A decade ago in Bush v. Gore,1 five Justices on the United States Supreme Court intervened in the 2000 presidential election to halt the counting of more than 100,000 ballots in Florida, thus delivering the presidency to the preferred candidate of America’s largest corporations–like Enron, Haliburton, Exxon-Mobil, Blackwater, AIG and Goldman Sachs. These corporations proceeded to shape public policy in significant ways, promoting financial deregulation, privatization and the spread of corporate welfare, the contracting out of warfare, and the creation of what economist James Galbraith has called a “predator state.”
In 2010, in Citizens United v. FEC,2 a case that dealt originally with the question of whether the electioneering communications provisions of the McCain-Feingold Act apply to “pay-per-view” movies produced by not-for-profit entities, five Justices on the Court, including the two named by President Bush himself–Chief Justice John Roberts and Justice Samuel Alito–reached out to ask a question that had not been posed to them. They then answered it, announcing that private businesses – including for-profit corporations – have a right to spend as much money as they want to elect or defeat candidates in political campaigns at all levels. The decision reversed numerous Supreme Court precedents and toppled dozens of long-standing campaign finance laws at the federal and state level, clearing the field to permanently remake America’s popular democracy into something like a “corporate democracy.”

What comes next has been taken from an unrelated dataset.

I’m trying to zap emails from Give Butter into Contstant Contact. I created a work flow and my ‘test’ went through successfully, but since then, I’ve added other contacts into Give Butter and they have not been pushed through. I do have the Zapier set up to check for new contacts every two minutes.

Americans across the spectrum have been startled and appalled by the Citizens United decision, which will “open the floodgates for special interests—including foreign companies—to spend without limit in our elections,” as President Obama said in his 2010 State of the Union Address. According to a Washington Post nationwide poll, more than 80% of the American people reject the Court’s conclusion that a business corporation is a member of the political community entitled to the same free speech rights as citizens.3
Yet, the Court’s watershed ruling is the logical expression of an activist pro-corporatist jurisprudence that has been bubbling up for many decades on the Court but has gained tremendous momentum over the last generation. Since the Rehnquist Court, there have been at least five justices—and sometimes more—who tilt hard to the right when it comes to a direct showdown between corporate power and the public interest. During the Roberts Court, this trend has continued and intensified. Although there is still some fluidity among the players, it is reasonable to think of a reliable “corporate bloc” as having emerged on the Court.

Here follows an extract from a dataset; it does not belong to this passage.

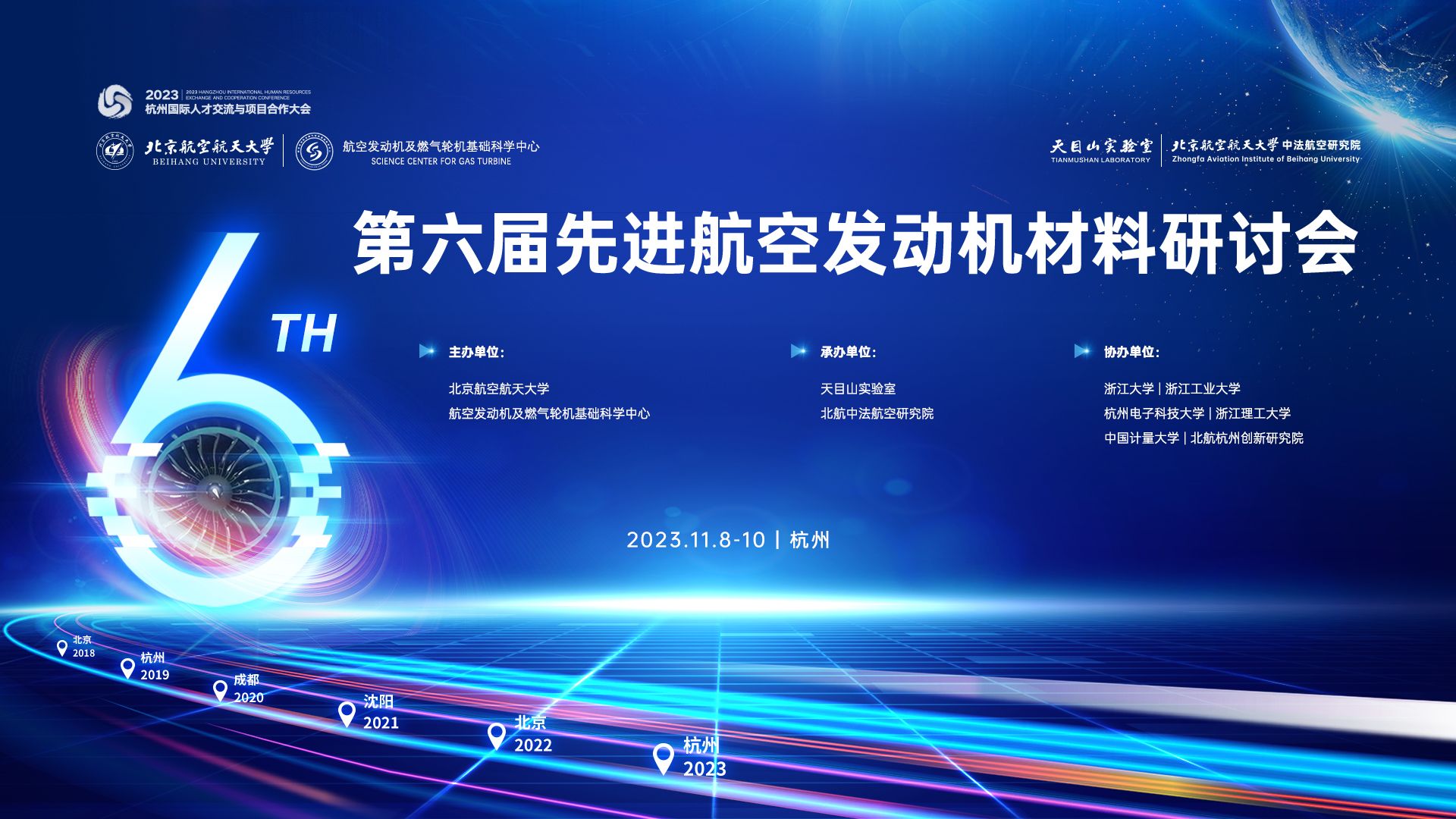 2023年11月8日-10日,在杭州亚运会和亚残运会胜利闭幕之际,“第六届先进航空发动机材料研讨会”在北京航空航天大学杭州国际校园隆重召开。此次会议也是杭州国际人才交流与项目合作大会的重点活动之一。会议由北京航空航天大学和航空发动机及燃气轮机基础科学中心主办,天目山实验室(航空浙江省实验室)和北航中法航空研究院联合承办,浙江大学、浙江工业大学、杭州电子科技大学、浙江理工大学、中国计量大学、北航杭州创新研究院协办。北京航空航天大学徐惠彬院士任大会主席。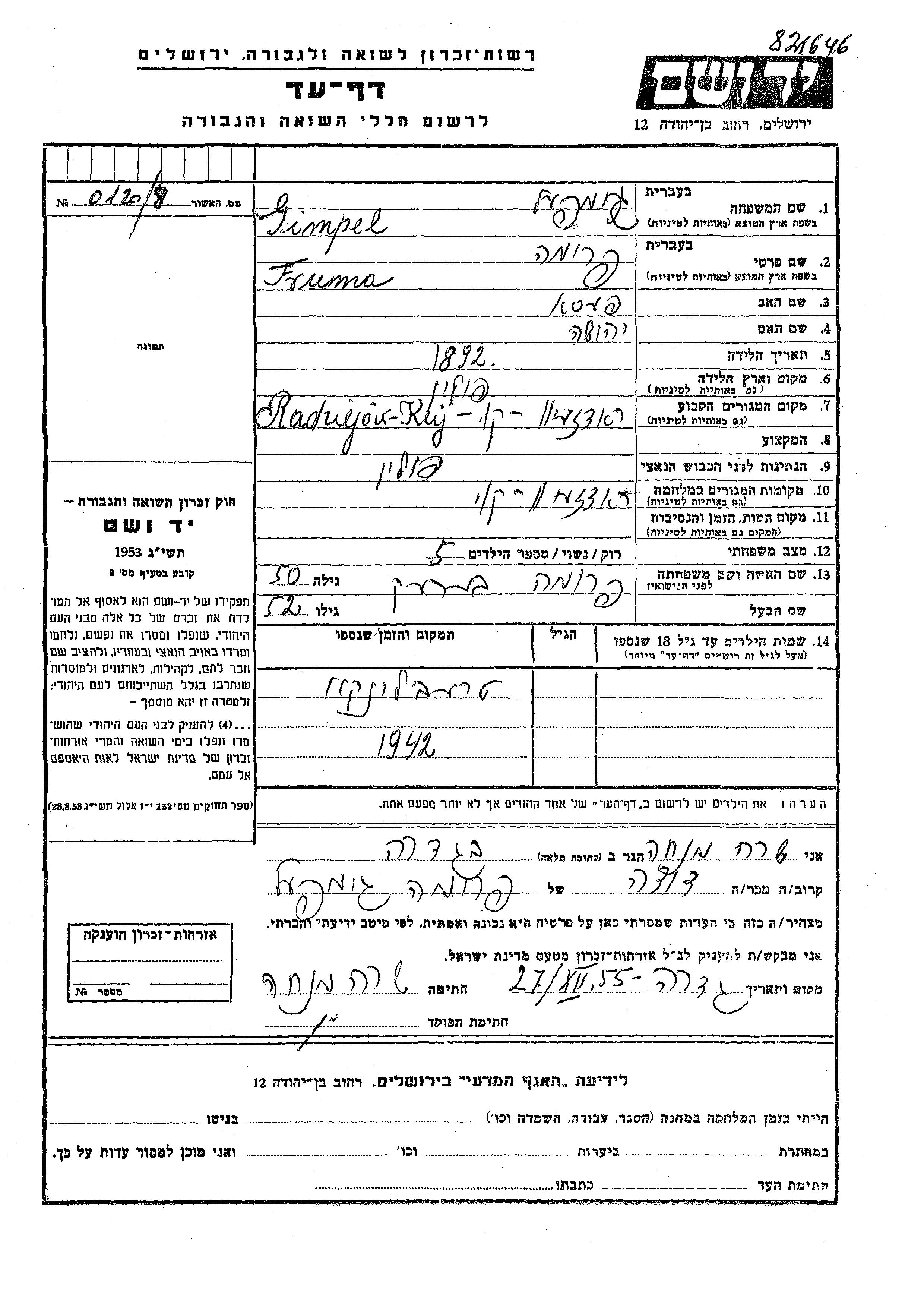 Fruma Gempel, geb. Berek wurde im Jahr 1892 in Polen geboren. Sie war die Tochter von Pesa und Yehoshua. Sie war Verheiratet. Vor dem Zweiten Weltkrieg lebte sie in Radziejow, Polen. Während des Krieges war sie in Radziejow, Polen.

At the time of the 2000 presidential election, the late economist John Kenneth Galbraith likened the Rehnquist Court’s imposition of its will on the American people to a corporate Board of Directors choosing a new CEO for a mass of passive shareholders. Whereas Article II of the real Constitution provides that the president shall name Supreme Court justices with the advice and consent of the Senate, Galbraith saw that the unwritten bylaws of our country now apparently authorized the Supreme Court to name the president.
His comment, spoken half in jest, was not only a lucid predictive reading of what public policy would be like in the Bush-Cheney period, but a haunting insight about how the rule of law itself has been redefined by the Court majority’s commitment to amplifying the corporate voice, reducing corporate liability, and expanding corporate power.
For more than a century, of course, the private business corporation has been a major force in our economy and society. Because corporations are chartered by the states and interact continuously with government regulators, employees in the workplace, consumers and investors in the marketplace, and our land, air and water, they are frequently in court. When they go to the Supreme Court as parties, sometimes they win, as surely they should, and sometimes they lose, which is also to be expected.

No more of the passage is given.